[TASK GOAL]: Drop the pictures, then extract the listing word for word.

:: INFORMATION SUPPLIED

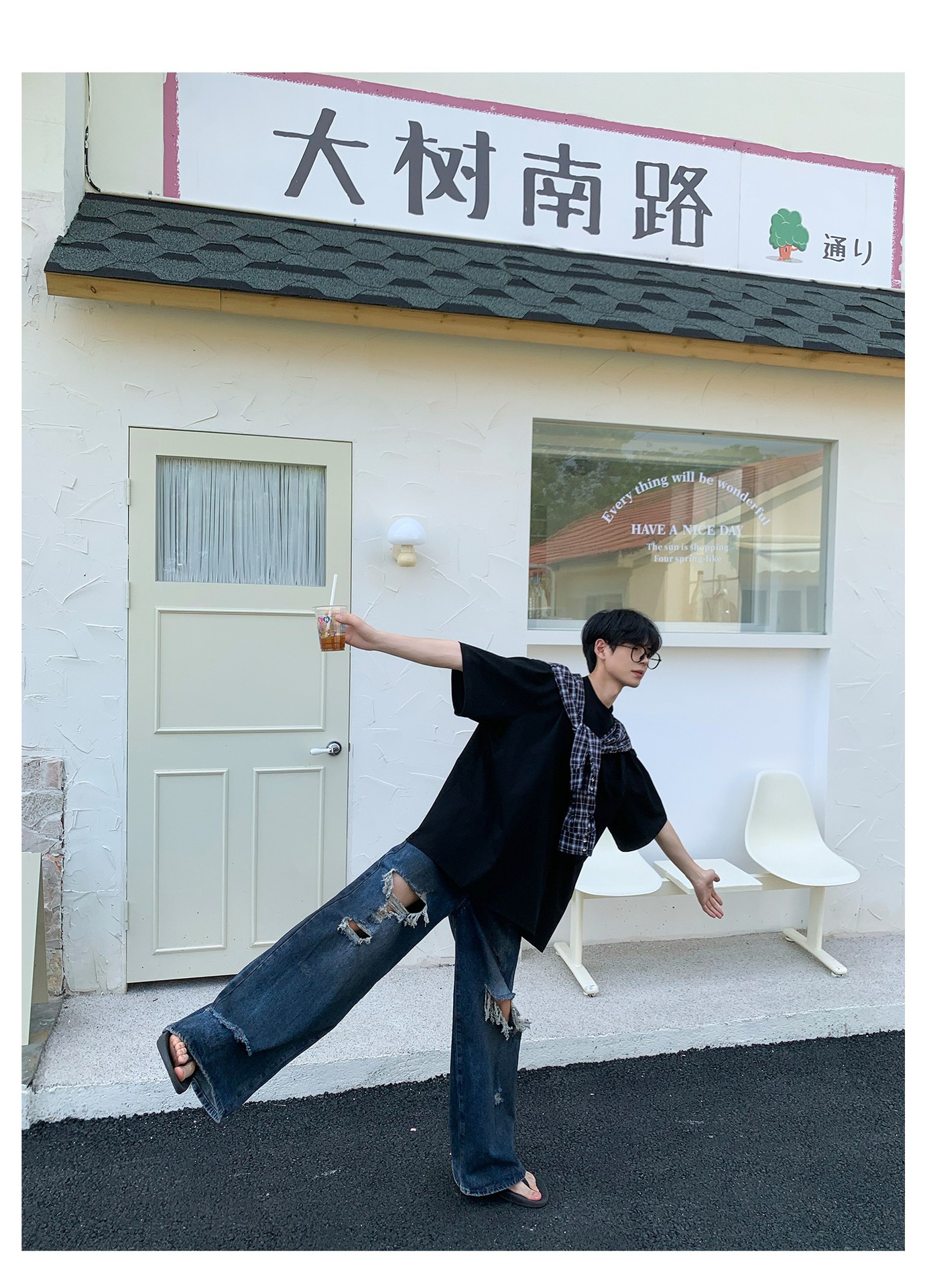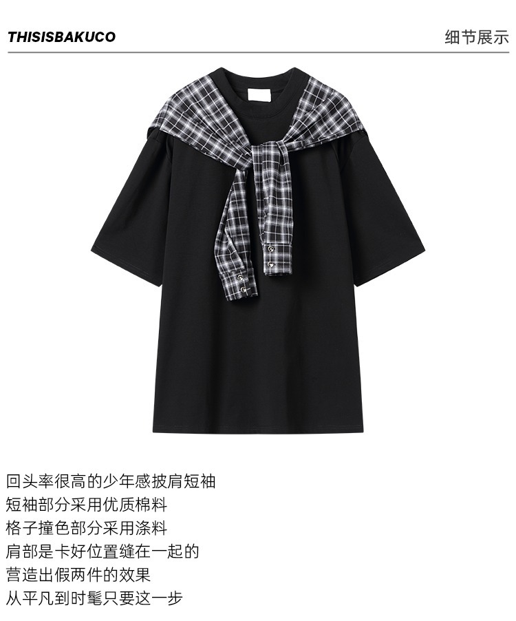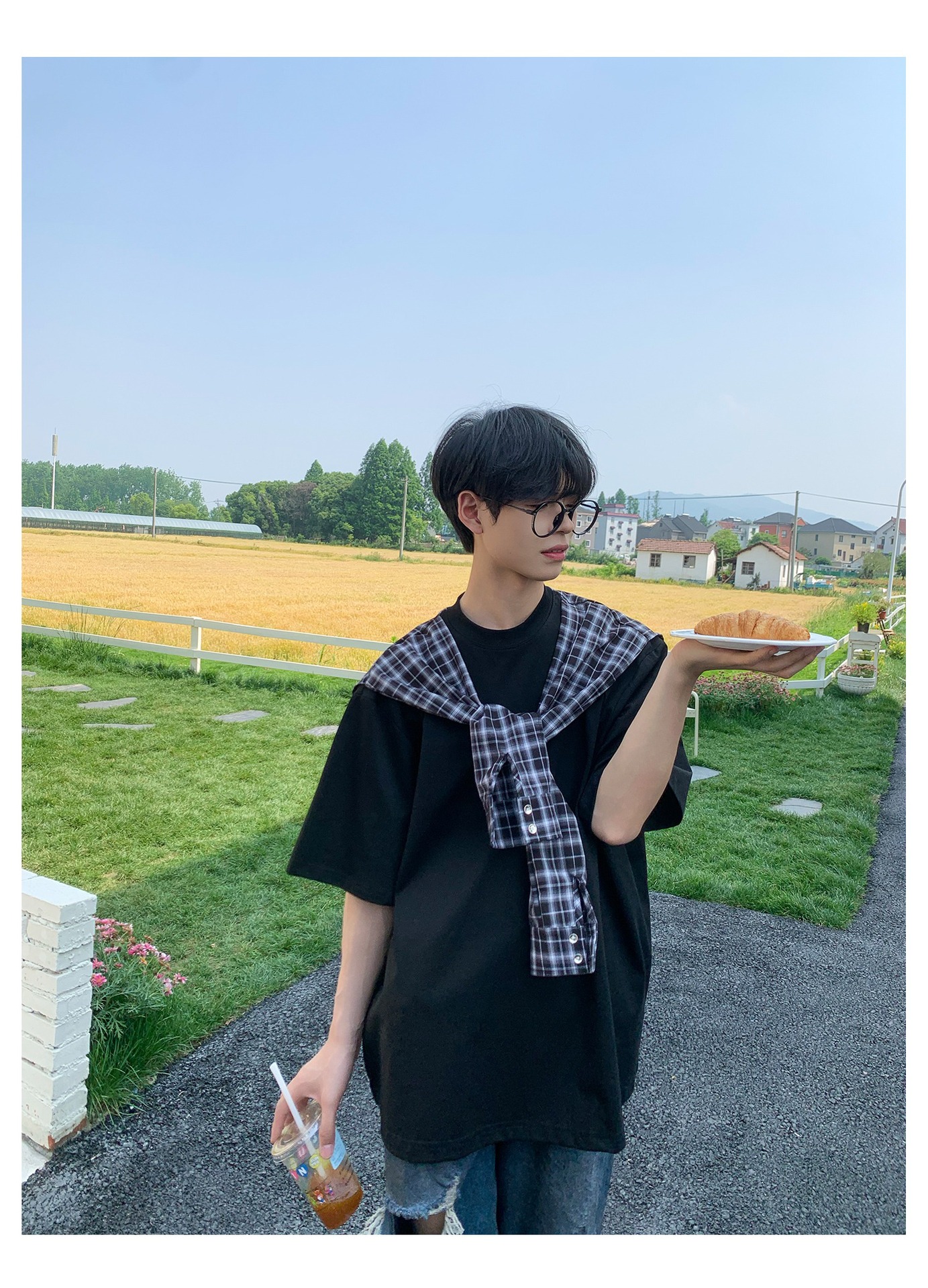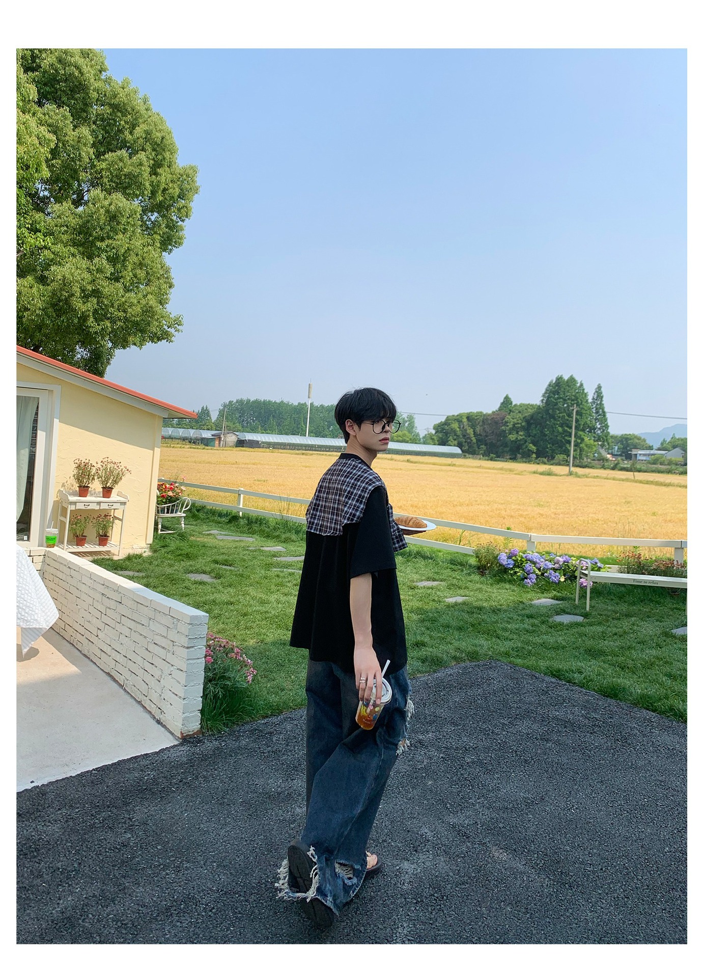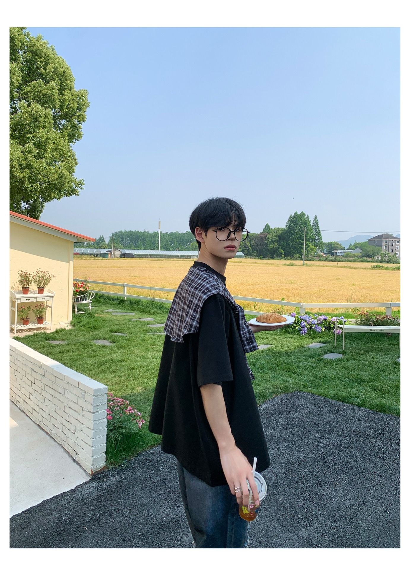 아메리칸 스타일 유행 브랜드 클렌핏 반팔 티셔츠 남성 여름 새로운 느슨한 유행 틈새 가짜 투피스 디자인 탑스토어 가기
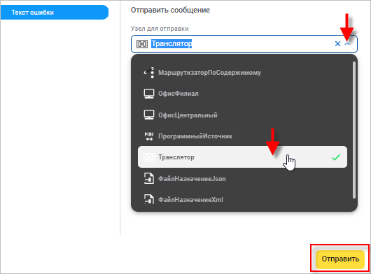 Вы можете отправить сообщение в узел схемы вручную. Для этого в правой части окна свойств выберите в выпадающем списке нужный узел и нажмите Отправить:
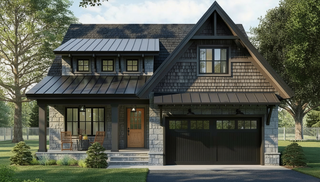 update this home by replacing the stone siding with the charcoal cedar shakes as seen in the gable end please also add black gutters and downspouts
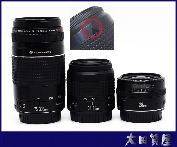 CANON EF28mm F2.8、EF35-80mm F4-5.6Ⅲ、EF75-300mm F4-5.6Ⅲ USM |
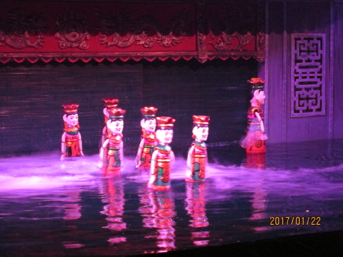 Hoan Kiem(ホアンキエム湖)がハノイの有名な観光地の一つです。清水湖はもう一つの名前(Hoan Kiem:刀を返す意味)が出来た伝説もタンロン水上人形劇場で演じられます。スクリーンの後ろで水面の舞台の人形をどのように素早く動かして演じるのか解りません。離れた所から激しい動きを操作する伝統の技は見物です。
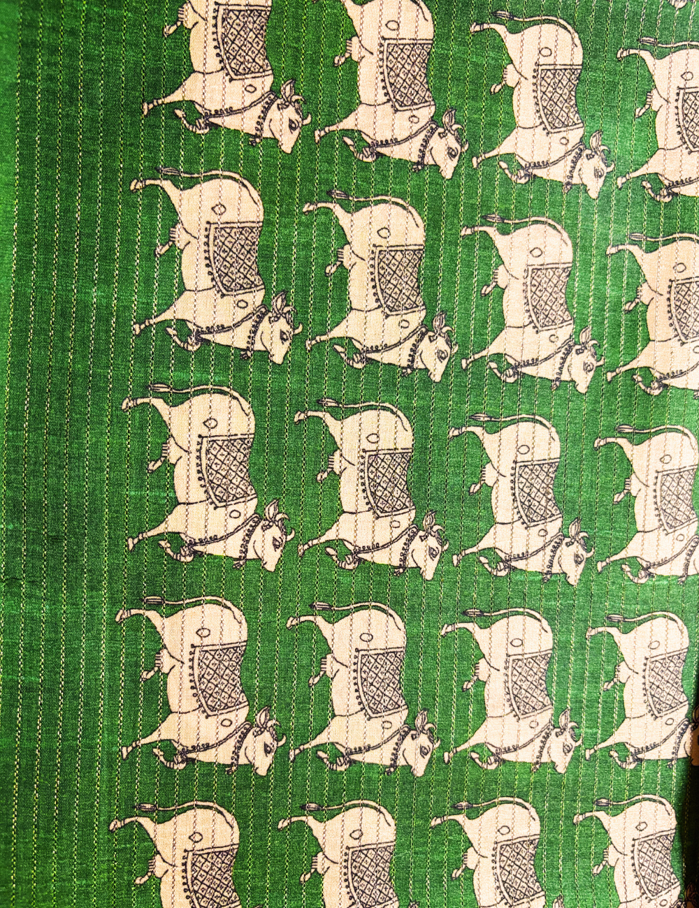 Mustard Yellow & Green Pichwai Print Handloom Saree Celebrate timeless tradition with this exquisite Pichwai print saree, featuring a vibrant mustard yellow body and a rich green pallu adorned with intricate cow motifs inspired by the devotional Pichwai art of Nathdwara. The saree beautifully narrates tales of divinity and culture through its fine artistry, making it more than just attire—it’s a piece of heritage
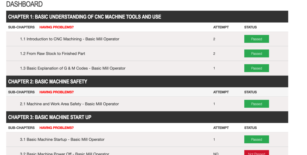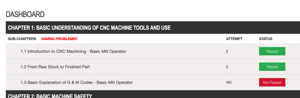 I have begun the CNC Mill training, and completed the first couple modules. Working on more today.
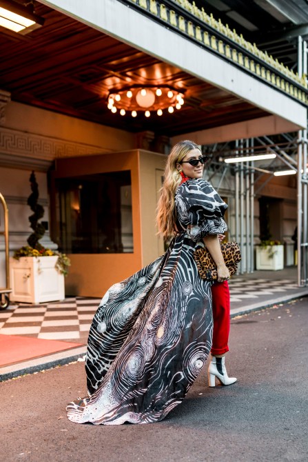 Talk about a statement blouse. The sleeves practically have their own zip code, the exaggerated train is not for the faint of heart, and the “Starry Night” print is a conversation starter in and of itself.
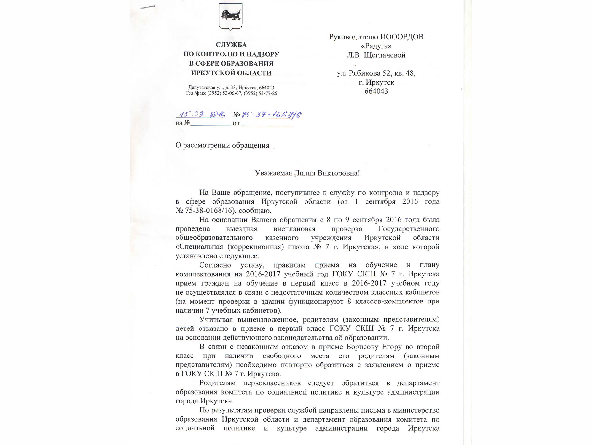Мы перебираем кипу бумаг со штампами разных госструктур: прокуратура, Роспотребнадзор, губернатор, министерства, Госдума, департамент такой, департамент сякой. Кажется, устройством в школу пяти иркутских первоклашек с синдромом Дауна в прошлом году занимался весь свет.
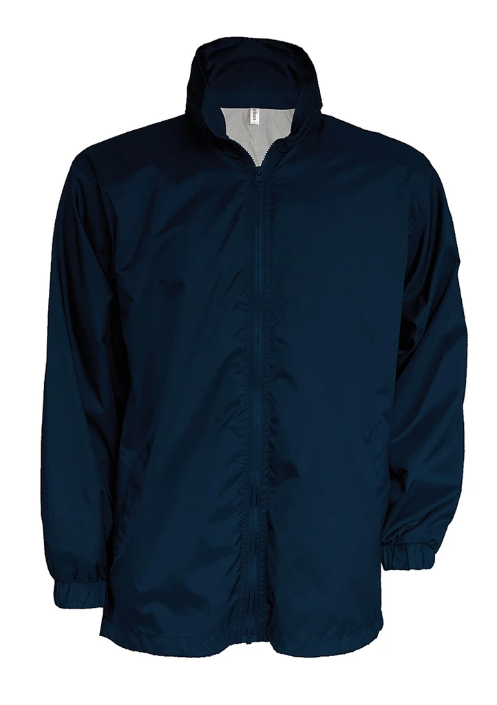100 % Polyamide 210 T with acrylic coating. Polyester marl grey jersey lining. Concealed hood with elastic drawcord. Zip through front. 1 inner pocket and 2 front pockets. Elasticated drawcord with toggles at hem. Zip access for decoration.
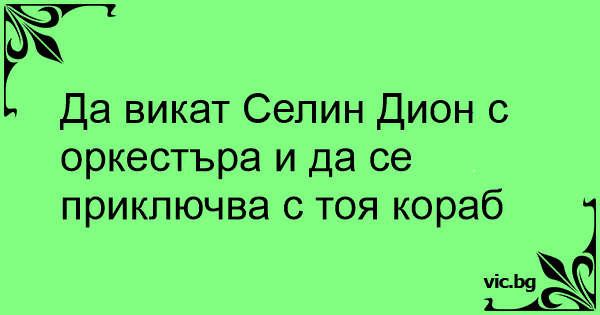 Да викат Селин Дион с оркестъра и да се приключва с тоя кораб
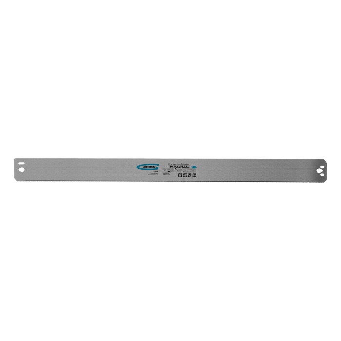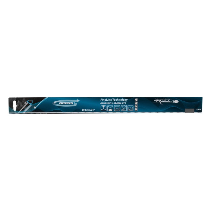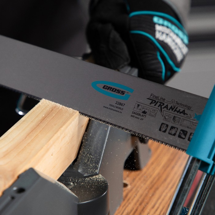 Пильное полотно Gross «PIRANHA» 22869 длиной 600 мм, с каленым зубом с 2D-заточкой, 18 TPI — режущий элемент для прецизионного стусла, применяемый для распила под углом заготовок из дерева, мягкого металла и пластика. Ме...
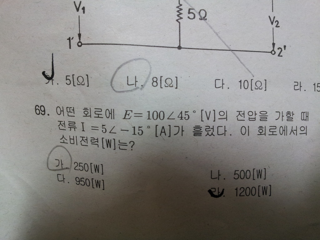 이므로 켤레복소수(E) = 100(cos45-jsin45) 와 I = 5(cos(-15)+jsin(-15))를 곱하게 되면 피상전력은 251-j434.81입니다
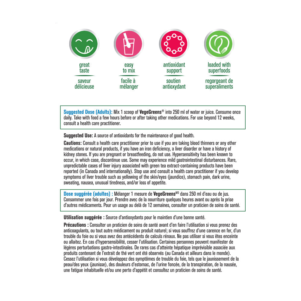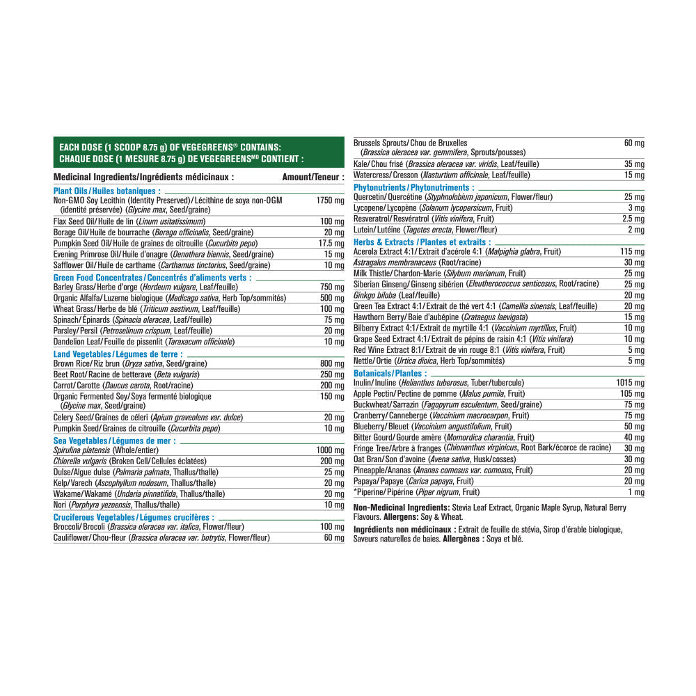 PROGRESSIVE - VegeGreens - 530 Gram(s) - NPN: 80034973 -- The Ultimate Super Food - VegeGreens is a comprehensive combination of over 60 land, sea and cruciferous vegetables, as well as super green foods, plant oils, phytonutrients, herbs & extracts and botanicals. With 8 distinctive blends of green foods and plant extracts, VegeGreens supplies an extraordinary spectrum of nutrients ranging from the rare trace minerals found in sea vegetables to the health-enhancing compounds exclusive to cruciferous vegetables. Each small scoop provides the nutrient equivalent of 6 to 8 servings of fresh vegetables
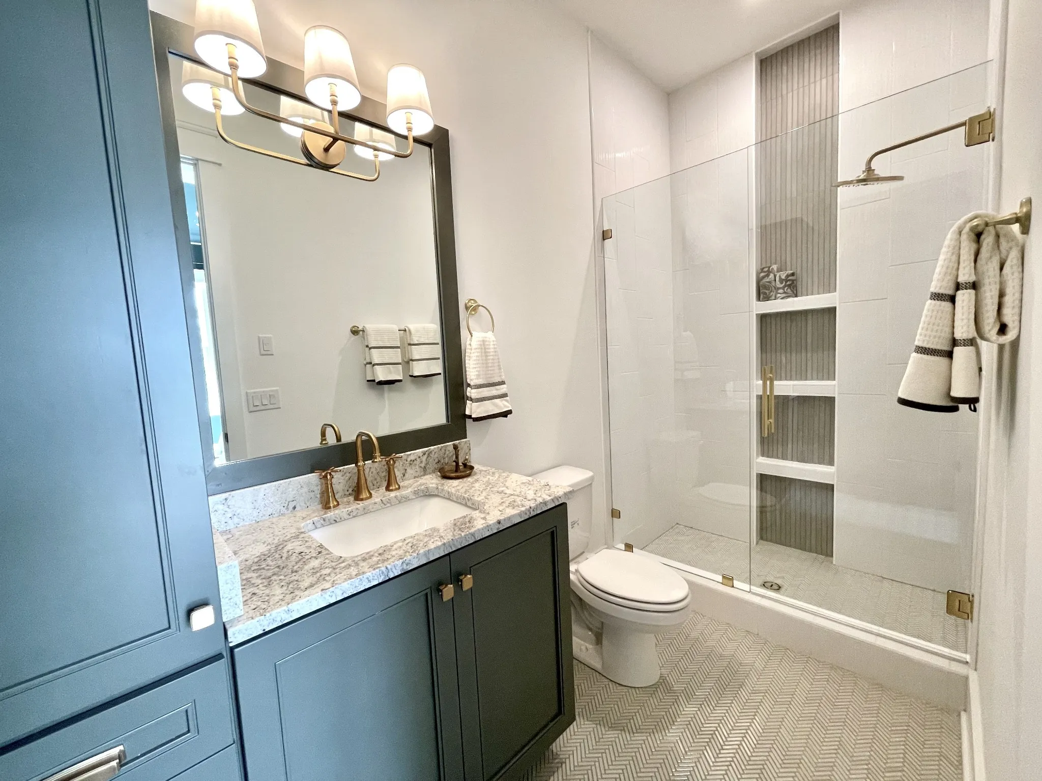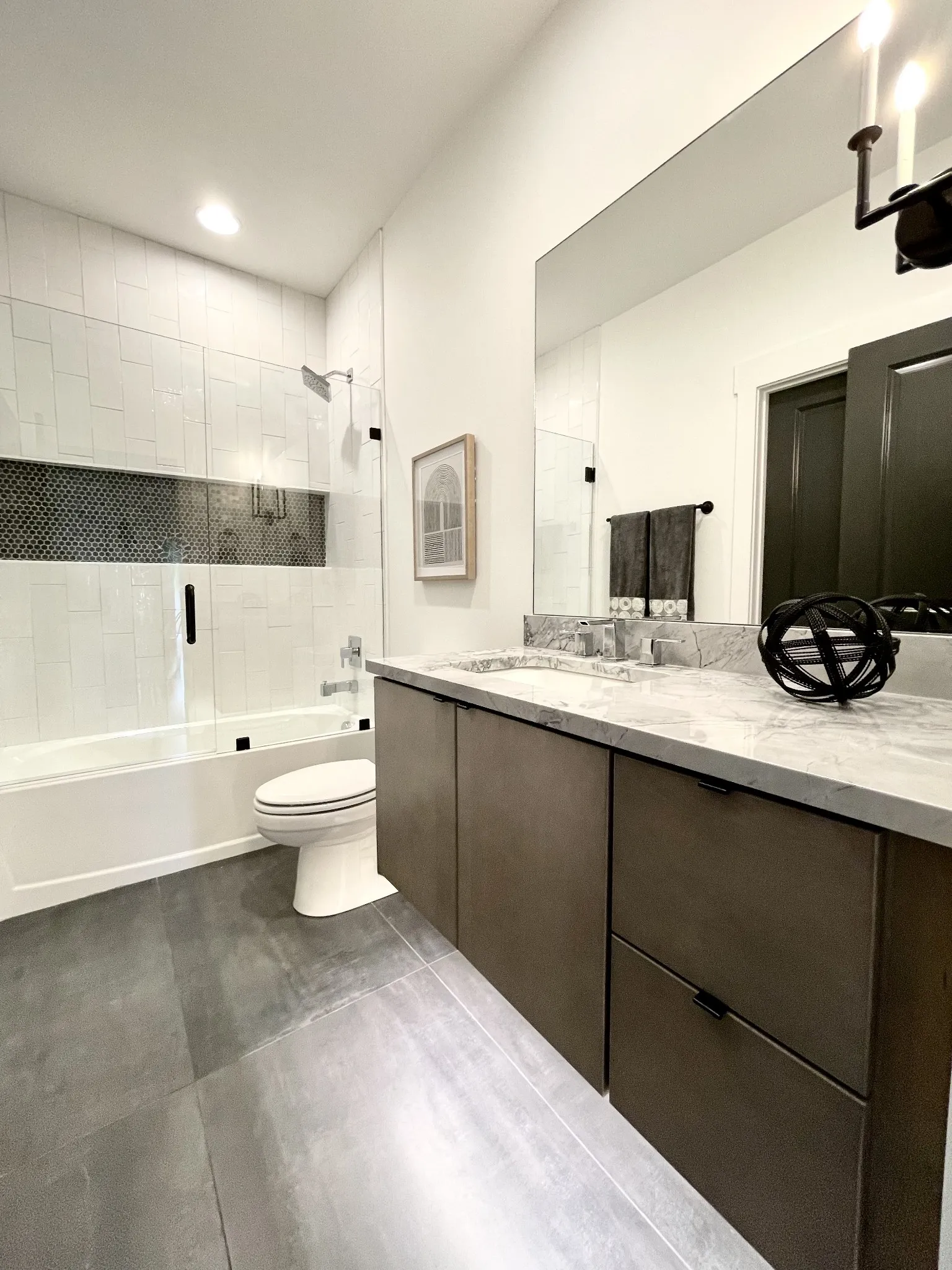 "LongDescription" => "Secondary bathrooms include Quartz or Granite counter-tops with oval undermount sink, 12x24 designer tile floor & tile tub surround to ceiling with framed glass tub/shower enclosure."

::::

[ANSWER BELOW]:
 아메리칸 스타일 유행 브랜드 클렌핏 반팔 티셔츠 남성 여름 새로운 느슨한 유행 틈새 가짜 투피스 디자인 탑스토어 가기
 Вы можете отправить сообщение в узел схемы вручную. Для этого в правой части окна свойств выберите в выпадающем списке нужный узел и нажмите Отправить:
 update this home by replacing the stone siding with the charcoal cedar shakes as seen in the gable end please also add black gutters and downspouts
 CANON EF28mm F2.8、EF35-80mm F4-5.6Ⅲ、EF75-300mm F4-5.6Ⅲ USM |
 Hoan Kiem(ホアンキエム湖)がハノイの有名な観光地の一つです。清水湖はもう一つの名前(Hoan Kiem:刀を返す意味)が出来た伝説もタンロン水上人形劇場で演じられます。スクリーンの後ろで水面の舞台の人形をどのように素早く動かして演じるのか解りません。離れた所から激しい動きを操作する伝統の技は見物です。
 Mustard Yellow & Green Pichwai Print Handloom Saree Celebrate timeless tradition with this exquisite Pichwai print saree, featuring a vibrant mustard yellow body and a rich green pallu adorned with intricate cow motifs inspired by the devotional Pichwai art of Nathdwara. The saree beautifully narrates tales of divinity and culture through its fine artistry, making it more than just attire—it’s a piece of heritage
 I have begun the CNC Mill training, and completed the first couple modules. Working on more today.
 Talk about a statement blouse. The sleeves practically have their own zip code, the exaggerated train is not for the faint of heart, and the “Starry Night” print is a conversation starter in and of itself.
Мы перебираем кипу бумаг со штампами разных госструктур: прокуратура, Роспотребнадзор, губернатор, министерства, Госдума, департамент такой, департамент сякой. Кажется, устройством в школу пяти иркутских первоклашек с синдромом Дауна в прошлом году занимался весь свет.
100 % Polyamide 210 T with acrylic coating. Polyester marl grey jersey lining. Concealed hood with elastic drawcord. Zip through front. 1 inner pocket and 2 front pockets. Elasticated drawcord with toggles at hem. Zip access for decoration.
 Да викат Селин Дион с оркестъра и да се приключва с тоя кораб
 Пильное полотно Gross «PIRANHA» 22869 длиной 600 мм, с каленым зубом с 2D-заточкой, 18 TPI — режущий элемент для прецизионного стусла, применяемый для распила под углом заготовок из дерева, мягкого металла и пластика. Ме...
 이므로 켤레복소수(E) = 100(cos45-jsin45) 와 I = 5(cos(-15)+jsin(-15))를 곱하게 되면 피상전력은 251-j434.81입니다
 PROGRESSIVE - VegeGreens - 530 Gram(s) - NPN: 80034973 -- The Ultimate Super Food - VegeGreens is a comprehensive combination of over 60 land, sea and cruciferous vegetables, as well as super green foods, plant oils, phytonutrients, herbs & extracts and botanicals. With 8 distinctive blends of green foods and plant extracts, VegeGreens supplies an extraordinary spectrum of nutrients ranging from the rare trace minerals found in sea vegetables to the health-enhancing compounds exclusive to cruciferous vegetables. Each small scoop provides the nutrient equivalent of 6 to 8 servings of fresh vegetables
 "LongDescription" => "Secondary bathrooms include Quartz or Granite counter-tops with oval undermount sink, 12x24 designer tile floor & tile tub surround to ceiling with framed glass tub/shower enclosure."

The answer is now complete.